• **Provided data**:
= = =

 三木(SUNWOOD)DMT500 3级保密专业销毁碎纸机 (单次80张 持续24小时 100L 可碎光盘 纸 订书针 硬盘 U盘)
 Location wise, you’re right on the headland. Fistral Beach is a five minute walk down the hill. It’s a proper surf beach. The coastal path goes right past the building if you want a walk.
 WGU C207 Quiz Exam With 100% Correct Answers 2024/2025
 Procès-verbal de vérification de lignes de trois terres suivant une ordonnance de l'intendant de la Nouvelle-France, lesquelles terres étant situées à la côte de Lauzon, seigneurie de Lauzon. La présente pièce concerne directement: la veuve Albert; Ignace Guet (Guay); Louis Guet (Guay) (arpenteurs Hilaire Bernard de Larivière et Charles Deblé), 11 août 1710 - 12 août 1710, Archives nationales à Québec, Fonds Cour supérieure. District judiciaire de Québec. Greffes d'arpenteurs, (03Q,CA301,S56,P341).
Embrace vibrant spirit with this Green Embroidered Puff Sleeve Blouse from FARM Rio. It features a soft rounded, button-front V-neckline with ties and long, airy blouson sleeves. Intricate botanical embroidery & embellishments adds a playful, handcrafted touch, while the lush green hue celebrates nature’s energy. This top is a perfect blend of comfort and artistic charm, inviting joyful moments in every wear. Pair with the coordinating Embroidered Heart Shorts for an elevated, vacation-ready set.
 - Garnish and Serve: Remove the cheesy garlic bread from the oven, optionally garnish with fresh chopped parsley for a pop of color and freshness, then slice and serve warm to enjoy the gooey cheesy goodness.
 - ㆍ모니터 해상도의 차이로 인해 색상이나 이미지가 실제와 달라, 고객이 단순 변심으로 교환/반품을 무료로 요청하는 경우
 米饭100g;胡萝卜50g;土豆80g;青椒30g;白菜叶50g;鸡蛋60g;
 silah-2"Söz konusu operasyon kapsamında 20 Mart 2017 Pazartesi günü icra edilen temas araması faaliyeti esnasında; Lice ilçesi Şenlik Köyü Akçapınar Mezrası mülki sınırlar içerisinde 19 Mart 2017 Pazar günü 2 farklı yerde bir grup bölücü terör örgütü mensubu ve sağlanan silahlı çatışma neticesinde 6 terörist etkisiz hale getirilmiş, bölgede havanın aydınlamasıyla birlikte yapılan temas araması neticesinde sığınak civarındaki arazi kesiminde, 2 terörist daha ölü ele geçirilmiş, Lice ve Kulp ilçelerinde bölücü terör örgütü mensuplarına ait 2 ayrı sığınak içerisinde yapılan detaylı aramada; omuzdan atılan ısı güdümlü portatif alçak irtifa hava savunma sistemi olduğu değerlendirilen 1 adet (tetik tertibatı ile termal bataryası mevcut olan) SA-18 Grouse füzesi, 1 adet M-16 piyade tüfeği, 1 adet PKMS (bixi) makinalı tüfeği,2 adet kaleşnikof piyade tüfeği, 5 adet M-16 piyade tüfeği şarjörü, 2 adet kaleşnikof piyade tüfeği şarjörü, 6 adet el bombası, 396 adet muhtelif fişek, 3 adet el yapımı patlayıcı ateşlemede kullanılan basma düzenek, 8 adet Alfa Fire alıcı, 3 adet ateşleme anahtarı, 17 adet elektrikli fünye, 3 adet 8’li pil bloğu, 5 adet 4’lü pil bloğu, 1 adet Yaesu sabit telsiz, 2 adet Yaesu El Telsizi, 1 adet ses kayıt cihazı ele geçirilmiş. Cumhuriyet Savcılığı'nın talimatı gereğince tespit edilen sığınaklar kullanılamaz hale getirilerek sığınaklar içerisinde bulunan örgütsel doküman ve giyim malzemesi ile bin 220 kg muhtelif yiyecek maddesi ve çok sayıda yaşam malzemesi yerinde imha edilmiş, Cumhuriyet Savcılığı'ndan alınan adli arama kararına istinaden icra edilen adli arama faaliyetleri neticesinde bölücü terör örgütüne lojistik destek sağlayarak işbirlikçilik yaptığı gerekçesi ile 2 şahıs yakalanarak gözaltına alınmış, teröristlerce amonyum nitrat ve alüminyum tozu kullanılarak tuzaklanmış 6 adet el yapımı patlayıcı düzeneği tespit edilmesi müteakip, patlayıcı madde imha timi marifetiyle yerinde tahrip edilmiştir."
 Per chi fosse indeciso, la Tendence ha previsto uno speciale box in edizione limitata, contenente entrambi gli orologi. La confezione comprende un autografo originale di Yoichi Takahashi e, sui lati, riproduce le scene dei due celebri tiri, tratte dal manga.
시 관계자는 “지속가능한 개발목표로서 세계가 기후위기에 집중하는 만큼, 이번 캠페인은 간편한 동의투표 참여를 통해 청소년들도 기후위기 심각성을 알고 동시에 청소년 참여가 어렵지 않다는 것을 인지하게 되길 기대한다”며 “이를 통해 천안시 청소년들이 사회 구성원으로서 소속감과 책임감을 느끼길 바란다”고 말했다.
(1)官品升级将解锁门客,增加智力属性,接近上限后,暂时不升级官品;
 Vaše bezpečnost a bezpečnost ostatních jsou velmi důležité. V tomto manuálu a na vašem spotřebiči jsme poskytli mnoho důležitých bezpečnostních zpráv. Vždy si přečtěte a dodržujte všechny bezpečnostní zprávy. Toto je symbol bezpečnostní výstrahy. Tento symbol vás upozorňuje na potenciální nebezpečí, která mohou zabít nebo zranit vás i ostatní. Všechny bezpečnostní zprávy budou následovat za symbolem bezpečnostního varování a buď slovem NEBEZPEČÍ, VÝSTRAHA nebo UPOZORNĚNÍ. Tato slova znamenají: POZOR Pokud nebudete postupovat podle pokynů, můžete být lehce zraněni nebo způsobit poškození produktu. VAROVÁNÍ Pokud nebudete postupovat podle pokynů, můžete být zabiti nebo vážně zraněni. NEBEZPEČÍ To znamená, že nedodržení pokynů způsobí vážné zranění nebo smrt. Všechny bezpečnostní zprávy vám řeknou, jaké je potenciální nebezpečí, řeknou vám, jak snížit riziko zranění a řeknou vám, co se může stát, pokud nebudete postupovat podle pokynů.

= = =

• **Assignment**: An exact repeat of all the entries above is required.

• **Result**:
 三木(SUNWOOD)DMT500 3级保密专业销毁碎纸机 (单次80张 持续24小时 100L 可碎光盘 纸 订书针 硬盘 U盘)
 Location wise, you’re right on the headland. Fistral Beach is a five minute walk down the hill. It’s a proper surf beach. The coastal path goes right past the building if you want a walk.
 WGU C207 Quiz Exam With 100% Correct Answers 2024/2025
 Procès-verbal de vérification de lignes de trois terres suivant une ordonnance de l'intendant de la Nouvelle-France, lesquelles terres étant situées à la côte de Lauzon, seigneurie de Lauzon. La présente pièce concerne directement: la veuve Albert; Ignace Guet (Guay); Louis Guet (Guay) (arpenteurs Hilaire Bernard de Larivière et Charles Deblé), 11 août 1710 - 12 août 1710, Archives nationales à Québec, Fonds Cour supérieure. District judiciaire de Québec. Greffes d'arpenteurs, (03Q,CA301,S56,P341).
Embrace vibrant spirit with this Green Embroidered Puff Sleeve Blouse from FARM Rio. It features a soft rounded, button-front V-neckline with ties and long, airy blouson sleeves. Intricate botanical embroidery & embellishments adds a playful, handcrafted touch, while the lush green hue celebrates nature’s energy. This top is a perfect blend of comfort and artistic charm, inviting joyful moments in every wear. Pair with the coordinating Embroidered Heart Shorts for an elevated, vacation-ready set.
 - Garnish and Serve: Remove the cheesy garlic bread from the oven, optionally garnish with fresh chopped parsley for a pop of color and freshness, then slice and serve warm to enjoy the gooey cheesy goodness.
 - ㆍ모니터 해상도의 차이로 인해 색상이나 이미지가 실제와 달라, 고객이 단순 변심으로 교환/반품을 무료로 요청하는 경우
 米饭100g;胡萝卜50g;土豆80g;青椒30g;白菜叶50g;鸡蛋60g;
 silah-2"Söz konusu operasyon kapsamında 20 Mart 2017 Pazartesi günü icra edilen temas araması faaliyeti esnasında; Lice ilçesi Şenlik Köyü Akçapınar Mezrası mülki sınırlar içerisinde 19 Mart 2017 Pazar günü 2 farklı yerde bir grup bölücü terör örgütü mensubu ve sağlanan silahlı çatışma neticesinde 6 terörist etkisiz hale getirilmiş, bölgede havanın aydınlamasıyla birlikte yapılan temas araması neticesinde sığınak civarındaki arazi kesiminde, 2 terörist daha ölü ele geçirilmiş, Lice ve Kulp ilçelerinde bölücü terör örgütü mensuplarına ait 2 ayrı sığınak içerisinde yapılan detaylı aramada; omuzdan atılan ısı güdümlü portatif alçak irtifa hava savunma sistemi olduğu değerlendirilen 1 adet (tetik tertibatı ile termal bataryası mevcut olan) SA-18 Grouse füzesi, 1 adet M-16 piyade tüfeği, 1 adet PKMS (bixi) makinalı tüfeği,2 adet kaleşnikof piyade tüfeği, 5 adet M-16 piyade tüfeği şarjörü, 2 adet kaleşnikof piyade tüfeği şarjörü, 6 adet el bombası, 396 adet muhtelif fişek, 3 adet el yapımı patlayıcı ateşlemede kullanılan basma düzenek, 8 adet Alfa Fire alıcı, 3 adet ateşleme anahtarı, 17 adet elektrikli fünye, 3 adet 8’li pil bloğu, 5 adet 4’lü pil bloğu, 1 adet Yaesu sabit telsiz, 2 adet Yaesu El Telsizi, 1 adet ses kayıt cihazı ele geçirilmiş. Cumhuriyet Savcılığı'nın talimatı gereğince tespit edilen sığınaklar kullanılamaz hale getirilerek sığınaklar içerisinde bulunan örgütsel doküman ve giyim malzemesi ile bin 220 kg muhtelif yiyecek maddesi ve çok sayıda yaşam malzemesi yerinde imha edilmiş, Cumhuriyet Savcılığı'ndan alınan adli arama kararına istinaden icra edilen adli arama faaliyetleri neticesinde bölücü terör örgütüne lojistik destek sağlayarak işbirlikçilik yaptığı gerekçesi ile 2 şahıs yakalanarak gözaltına alınmış, teröristlerce amonyum nitrat ve alüminyum tozu kullanılarak tuzaklanmış 6 adet el yapımı patlayıcı düzeneği tespit edilmesi müteakip, patlayıcı madde imha timi marifetiyle yerinde tahrip edilmiştir."
 Per chi fosse indeciso, la Tendence ha previsto uno speciale box in edizione limitata, contenente entrambi gli orologi. La confezione comprende un autografo originale di Yoichi Takahashi e, sui lati, riproduce le scene dei due celebri tiri, tratte dal manga.
시 관계자는 “지속가능한 개발목표로서 세계가 기후위기에 집중하는 만큼, 이번 캠페인은 간편한 동의투표 참여를 통해 청소년들도 기후위기 심각성을 알고 동시에 청소년 참여가 어렵지 않다는 것을 인지하게 되길 기대한다”며 “이를 통해 천안시 청소년들이 사회 구성원으로서 소속감과 책임감을 느끼길 바란다”고 말했다.
(1)官品升级将解锁门客,增加智力属性,接近上限后,暂时不升级官品;
 Vaše bezpečnost a bezpečnost ostatních jsou velmi důležité. V tomto manuálu a na vašem spotřebiči jsme poskytli mnoho důležitých bezpečnostních zpráv. Vždy si přečtěte a dodržujte všechny bezpečnostní zprávy. Toto je symbol bezpečnostní výstrahy. Tento symbol vás upozorňuje na potenciální nebezpečí, která mohou zabít nebo zranit vás i ostatní. Všechny bezpečnostní zprávy budou následovat za symbolem bezpečnostního varování a buď slovem NEBEZPEČÍ, VÝSTRAHA nebo UPOZORNĚNÍ. Tato slova znamenají: POZOR Pokud nebudete postupovat podle pokynů, můžete být lehce zraněni nebo způsobit poškození produktu. VAROVÁNÍ Pokud nebudete postupovat podle pokynů, můžete být zabiti nebo vážně zraněni. NEBEZPEČÍ To znamená, že nedodržení pokynů způsobí vážné zranění nebo smrt. Všechny bezpečnostní zprávy vám řeknou, jaké je potenciální nebezpečí, řeknou vám, jak snížit riziko zranění a řeknou vám, co se může stát, pokud nebudete postupovat podle pokynů.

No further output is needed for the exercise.